Grammar is the set of rules describing a language. Generative Grammar is
- exact
- fixed-sized
Language can be specified by infinite Bit-String
Sorted Alphabet: $\Sigma$ Language $\Sigma^{* }$ contains all combinations of symbols in $\Sigma$
The order of sentences in $\Sigma^* $ follows that:
from length $l = 0$
- Enumerate all combinations that of length $l$
- these combinations are listed according to alphabetical order (lexicographical sorting)
- increment $l$ and repeat from 1.
This will form an infinitely long sorted list. Every language composed by alphabet $\Sigma$ can be identified by choosing from $\Sigma^* $. If we encode this by binary representation, 0 → not including, 1 → including, we can create an infinitely long bit string that indicates every sentence the language contains.

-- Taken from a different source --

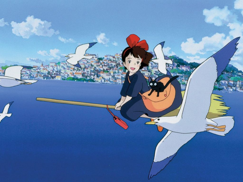 Miyazaki’s third film for Studio Ghibli – Kiki’s Delivery Service-takes inspiration from the first of Kadono’s novels but deviates quite a bit from the stories. While the book is more poetic and episodic in nature, Miyazaki’s film is far more linear and is a feast to the senses. Kiki, is a small witch, who, following the traditions of witchcraft, has to leave home when she turns 13 to try making a living for herself in another town. She needs to use her magic powers and establish herself within a year as a successful witch in her new neighborhood. The young Kiki, embarks on this adventure with her trusted cat Jiji (who talks quite a bit in the novels) and her mother’s broom. In the new town she decides to start a delivery service, given that she can fly quite quickly from one place to another on her broom.

For example: Language $L = 010010110…$
Formal Grammar
Recipe of replacing symbols:
Name -> tom | dick | harry // Name may be replaced by tom, dick or harry
...
A grammar is a 4-tuple $(V_N, V_T, R, S)$:
- $V_N$ non-terminals, $V_T$ terminals are finite sets of symbols
- $V_N \cap V_T = \varnothing$ terminals and non-terminals cannot have common symbols
- $R$ is the set of rules, a set that contains ordered pairs: ${(P, Q) \mid P\in (V_N\cup V_T)^+ \land Q\in (V_N \cup V_T)^* }$
- $S$ is the start symbol, $S\in V_N$
Four types of Grammars
Type 0: Phrase Structure Grammar (PS Grammar)
Most freedom. Follows 4-tuple $(V_N, V_T, R, S)$, without further restriction. Represented as Directed Acyclic Graph
: No cycle exists
Type 1: Context-Sensitive Grammar (CS Grammar)
There are two equivalent definitions: Monotonic
and Context-Sensitive
. Can be represented by a DAG, similar to PS Grammar.
Monotonic
For each rule, left-hand side has more or equal number of symbols to right-hand side.
Context-Sensitive
Every rule is context-sensitive.
- Left-hand side contains only one symbol to be changed in the right-hand side.
Type 2: Context-Free Grammar (CF Grammar)
LHS could only contain one non-terminal symbol. (Thus not related to neighboring symbols). Represented by a tree, as branches of a node is not relevant to other nodes.
The generative power of CF Grammar comes from two operations:
- Concatenation
- Choice (choosing from one of the alternatives in the RHS)
NT -> tom | NT dick | ...
Type 3: Regular Grammar
Mostly referring to right regular grammar
. Each rule could only contain one non-terminal, as the rightmost item. Represented by a list, because each sentential has only one replaceable item (non-terminal), or in a production chain.
All regular grammar can be expressed in a regular expression, which sufficiently equal to all rules in the grammar.
Regular Expression Notation Styles:
Notation | Description |
---|---|
$^{+ }$ | One or more instances of the left-adjacent item |
$^{* }$ | Zero or more instances of the left-adjacent item |
$^{? }$ | Zero or one instance of the left-adjacent item |
$[abc]$ | Choosing one from $(a, b, c)$, i.e., $(a\mid b\mid c)$ |
Example:
$S_S\to(([tdh],)^{* }[tdh] & )^{? }[tdh]$
Type 4: Finite Choice Grammar (FC Grammar)
Each rule could have only terminals in right-hand side. Very limited expressive power.